Supplied material:
◇ ◇ ◇ ◇
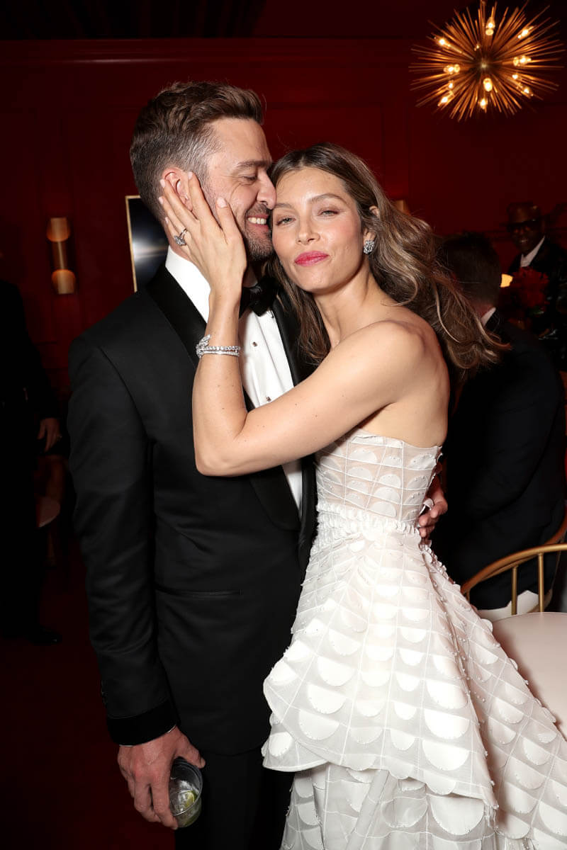 Here are Justin and Jessica at the after-party. I prefer the white dress she wore to the show. God she looked beautiful last night. Love the lightly waved hair. That shade of dark pink looked great on her lips. She is stunning. And you never get a chance to appreciate it because there’s always a punk tap-dancing like a monkey beside her.
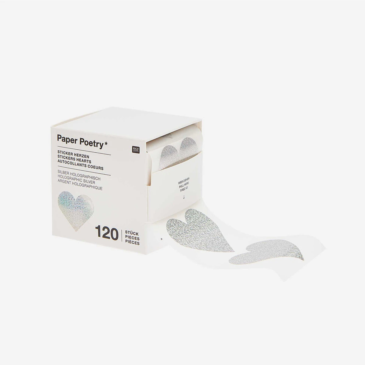 Mit den 120 holografisch-silbernen Herz-Stickern auf der Rolle kannst du so ziemlich alles verzieren, was dir in die Finger kommt: Geschenke, Weihnachtspost, Notizbücher, Adventskalender, Einladungen, und jede Bastelei.
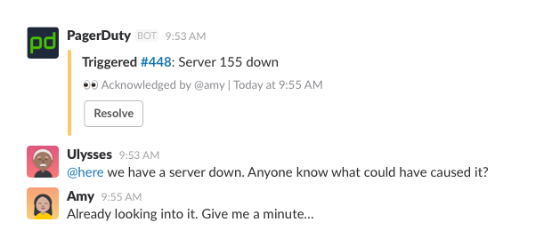 Ajoutez à Slack les outils de contrôle pour vous assurer que les personnes concernées voient les alertes et les notifications urgentes. Par exemple, associez PagerDuty au canal #exploitation pour que les membres soient avertis dès qu’un serveur tombe en panne et pour qu’ils puissent discuter de toutes les solutions possibles, tout en surveillant les données en temps réel, le tout de façon centralisée.
◇ ◇ ◇ ◇
Problem: From the first line to the last, retype the data above exactly, but not its images.

Result for this exercise:
 Here are Justin and Jessica at the after-party. I prefer the white dress she wore to the show. God she looked beautiful last night. Love the lightly waved hair. That shade of dark pink looked great on her lips. She is stunning. And you never get a chance to appreciate it because there’s always a punk tap-dancing like a monkey beside her.
 Mit den 120 holografisch-silbernen Herz-Stickern auf der Rolle kannst du so ziemlich alles verzieren, was dir in die Finger kommt: Geschenke, Weihnachtspost, Notizbücher, Adventskalender, Einladungen, und jede Bastelei.
 Ajoutez à Slack les outils de contrôle pour vous assurer que les personnes concernées voient les alertes et les notifications urgentes. Par exemple, associez PagerDuty au canal #exploitation pour que les membres soient avertis dès qu’un serveur tombe en panne et pour qu’ils puissent discuter de toutes les solutions possibles, tout en surveillant les données en temps réel, le tout de façon centralisée.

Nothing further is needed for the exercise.